TASK STATEMENT —
What are the lines from the top of the entries through the one with "składa się z"? Write them out exactly, with no pictures.
---------- RECORDS SHOWN
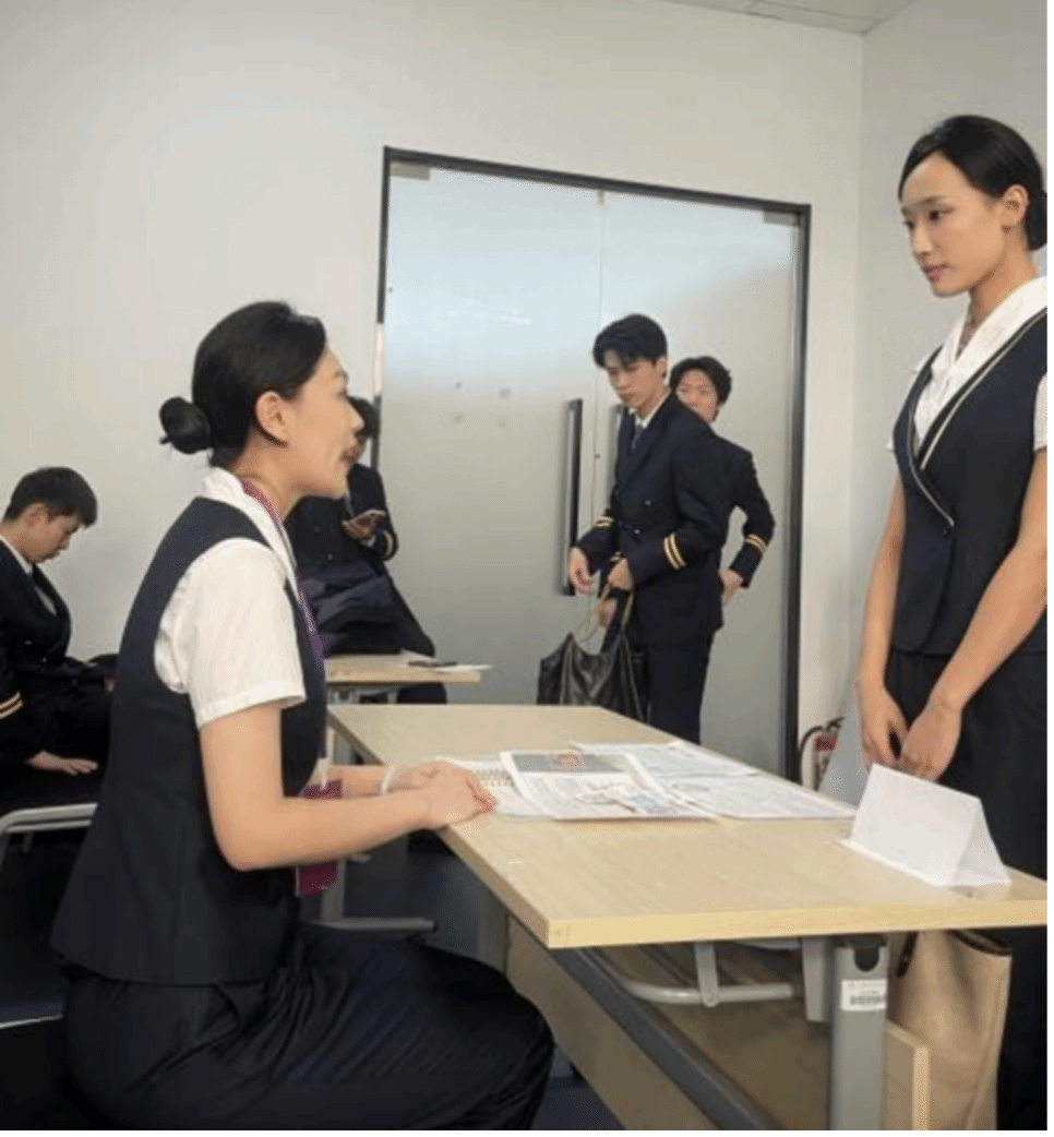 “CA1503航班经济舱超售,需协调12名旅客自愿改签。”实训教室内,2022级学生李津严正面对突发特情。她快速调取旅客画像数据,结合舱位等级、会员积分等信息,用中英双语流畅沟通,最终在8分钟内完成旅客安抚与补偿协议签署。课程组引入航空公司真实案例库,将200余种特情浓缩为“值机三十六计”,学生需在模拟柜台同步完成行李称重、证件核验、紧急医疗呼叫等复合任务。“地勤服务是航站楼的‘神经末梢’,”企业讲师刘庭杉老师指着操作热力图解释,“学生的手势幅度、微笑频率甚至眼神落点都被纳入评估体系,唯有将标准刻入肌肉记忆,方能成就行云流水的服务美学”。
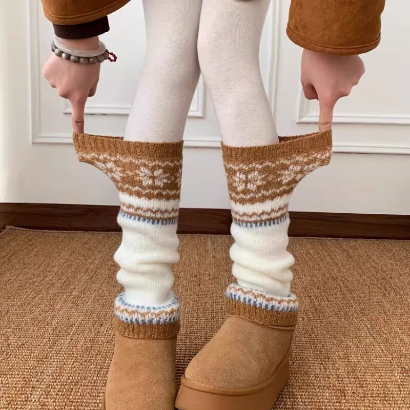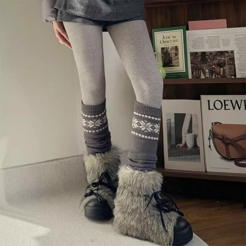 费尔岛堆堆袜子女秋冬袜套中筒袜加厚保暖小腿袜针织腿套灰色长袜
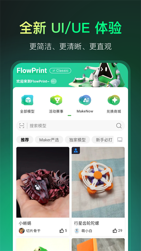 创想云3d打印App就是现在很多3D打印爱好者、设计师、手办党、学生、甚至小朋友爸妈都爱用的那个“创意打印小宇宙”,以前想打印个手办、浮雕、模型,得自己切片、调参数、盯着机器好几个小时,稍不注意就废件,现在打开这个App,模型库海量到随便逛,免费的、促销的、赛事热门的应有尽有,从动漫周边到实用家居、cosplay道具、机器改装件全覆盖,特别爽的是云切片功能,手机直接上传文件或选模型,远程切片发给打印机,自己出门逛街机器在家自己打,打印过程还能实时监控、延时摄影录下来,完工后直接分享朋友圈,仪式感拉满,新手小白也完全不怕,官方教程、视频指导、社区互助全都有,设计师上传模型还能拿积分、打赏、自主定价赚钱,简直是玩着玩着就变现了,很多人用下来都说,以前打印像干活,现在像玩游戏,创意无限、操作简单、社区热闹,3D打印的乐趣直接翻倍。
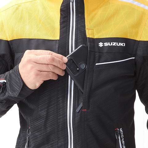 SUZUKI×KUSHITANI コラボフルメッシュパーカージャケットはスプレット柄エンボスとスラブ柄エンボスを採用し新デザインのフルメッシュパーカージャケットです。左胸には大型ポケットを採用しております。走行中にフードのバタつきが気になる場合は、バタつき防止ループをご使用ください。また、フロントダブルファスナー仕様を採用していますので、状況に応じてサイズ調整が可能です。
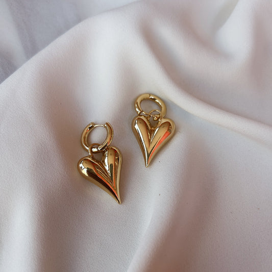 Aretes corazón largo
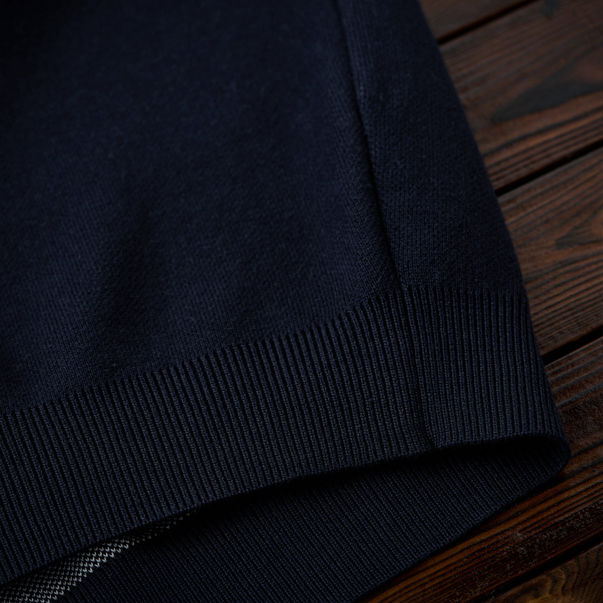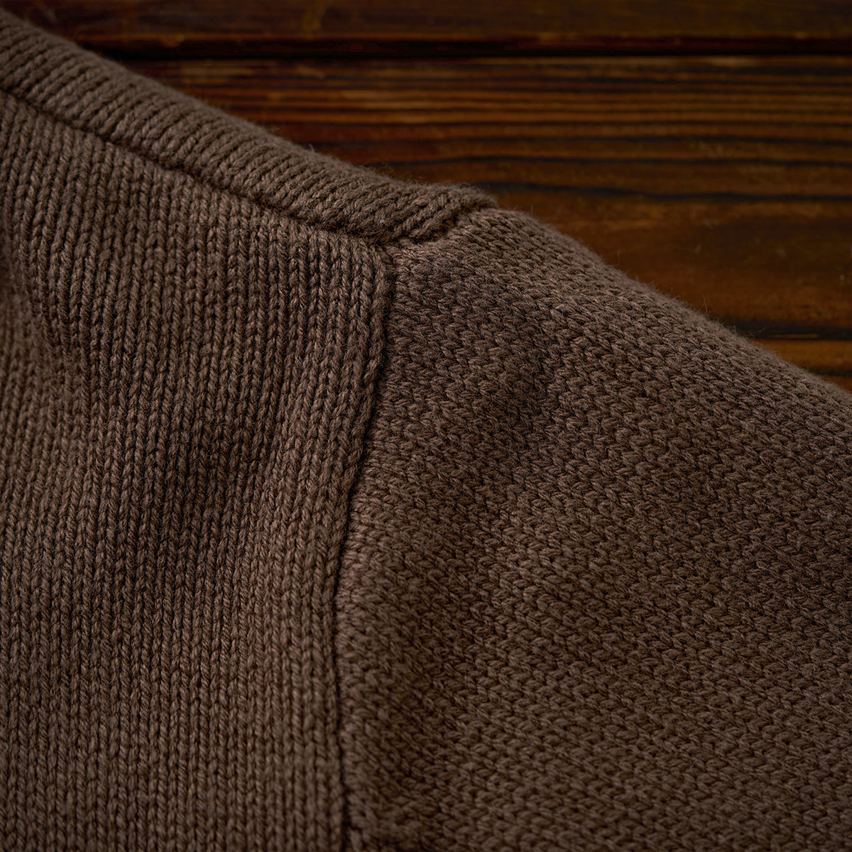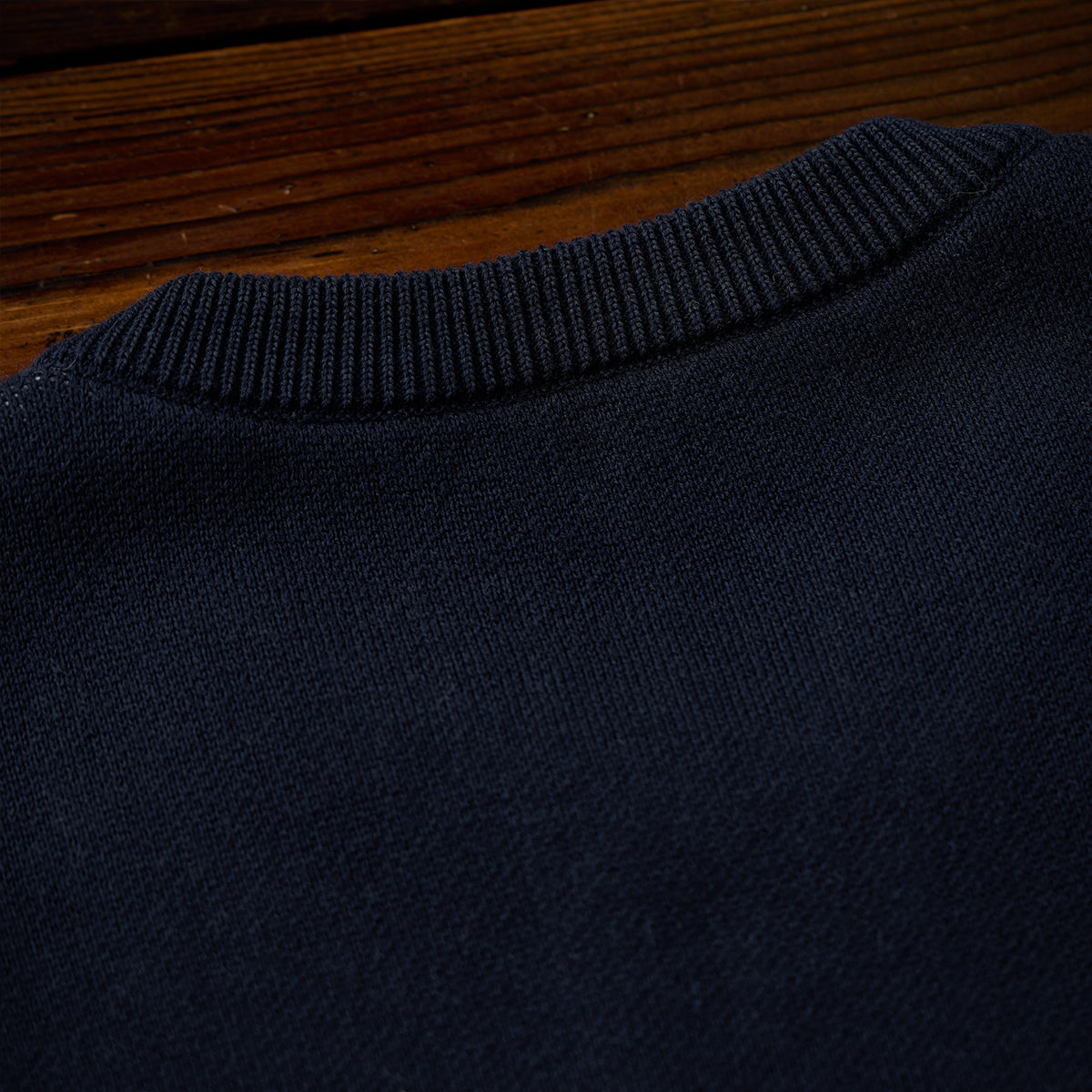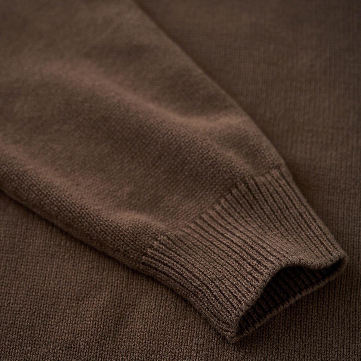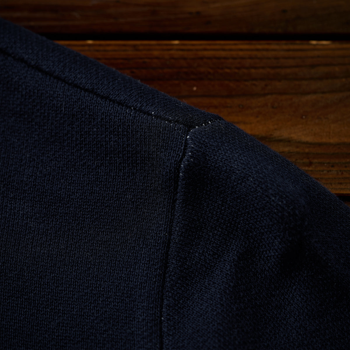 「헬멧 쓴 고양이」자수 & KARAKU 로고 자수 헨리넥 니트 스웨터
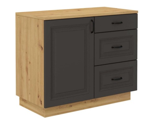 składa się z części jednorzwiowej oraz trzech szuflad. Wewnątrz za drzwiami znajduję się jedna półka. Kolekcja Flawia GRAR to stylowe meble przeznaczone do aranżacji pokoju dziennego, jadalni, sypialni. Meble zostały wykonane z wysokiej jakości płyty meblowej laminowanej, korpusy w dekorze dębu artisan i fronty w kolorze grafitowym z płyty MDF. Charakterystyczną cechą kolekcji są frezy jak i czarne uchwyty na frontach.
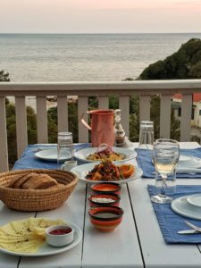 Loukoulos started its trip on July of 1989 and since then remains a stable value for hospitality and quality as well. Giorgos and Katerina Kiloukiotis, the owners, shaped the mentality of our little family business on making our guests feel like home, like having their vacation and dinner in their cottage by the sea. Our kitchen is based on greek traditional recipies from our grandma Flora, on which we stay loyal with some twisted additions. The yard of the restaurant lies above the sea with view to the Aegean in an olive garden, isolated from the street and the noise. Today we, Flora and Elpida, the second generation continue the family business in the same line in order to offer you beautiful moments and memories.
--------------------
ANSWER TO THE PROBLEM —
 “CA1503航班经济舱超售,需协调12名旅客自愿改签。”实训教室内,2022级学生李津严正面对突发特情。她快速调取旅客画像数据,结合舱位等级、会员积分等信息,用中英双语流畅沟通,最终在8分钟内完成旅客安抚与补偿协议签署。课程组引入航空公司真实案例库,将200余种特情浓缩为“值机三十六计”,学生需在模拟柜台同步完成行李称重、证件核验、紧急医疗呼叫等复合任务。“地勤服务是航站楼的‘神经末梢’,”企业讲师刘庭杉老师指着操作热力图解释,“学生的手势幅度、微笑频率甚至眼神落点都被纳入评估体系,唯有将标准刻入肌肉记忆,方能成就行云流水的服务美学”。
 费尔岛堆堆袜子女秋冬袜套中筒袜加厚保暖小腿袜针织腿套灰色长袜
 创想云3d打印App就是现在很多3D打印爱好者、设计师、手办党、学生、甚至小朋友爸妈都爱用的那个“创意打印小宇宙”,以前想打印个手办、浮雕、模型,得自己切片、调参数、盯着机器好几个小时,稍不注意就废件,现在打开这个App,模型库海量到随便逛,免费的、促销的、赛事热门的应有尽有,从动漫周边到实用家居、cosplay道具、机器改装件全覆盖,特别爽的是云切片功能,手机直接上传文件或选模型,远程切片发给打印机,自己出门逛街机器在家自己打,打印过程还能实时监控、延时摄影录下来,完工后直接分享朋友圈,仪式感拉满,新手小白也完全不怕,官方教程、视频指导、社区互助全都有,设计师上传模型还能拿积分、打赏、自主定价赚钱,简直是玩着玩着就变现了,很多人用下来都说,以前打印像干活,现在像玩游戏,创意无限、操作简单、社区热闹,3D打印的乐趣直接翻倍。
 SUZUKI×KUSHITANI コラボフルメッシュパーカージャケットはスプレット柄エンボスとスラブ柄エンボスを採用し新デザインのフルメッシュパーカージャケットです。左胸には大型ポケットを採用しております。走行中にフードのバタつきが気になる場合は、バタつき防止ループをご使用ください。また、フロントダブルファスナー仕様を採用していますので、状況に応じてサイズ調整が可能です。
 Aretes corazón largo
 「헬멧 쓴 고양이」자수 & KARAKU 로고 자수 헨리넥 니트 스웨터
 składa się z części jednorzwiowej oraz trzech szuflad. Wewnątrz za drzwiami znajduję się jedna półka. Kolekcja Flawia GRAR to stylowe meble przeznaczone do aranżacji pokoju dziennego, jadalni, sypialni. Meble zostały wykonane z wysokiej jakości płyty meblowej laminowanej, korpusy w dekorze dębu artisan i fronty w kolorze grafitowym z płyty MDF. Charakterystyczną cechą kolekcji są frezy jak i czarne uchwyty na frontach.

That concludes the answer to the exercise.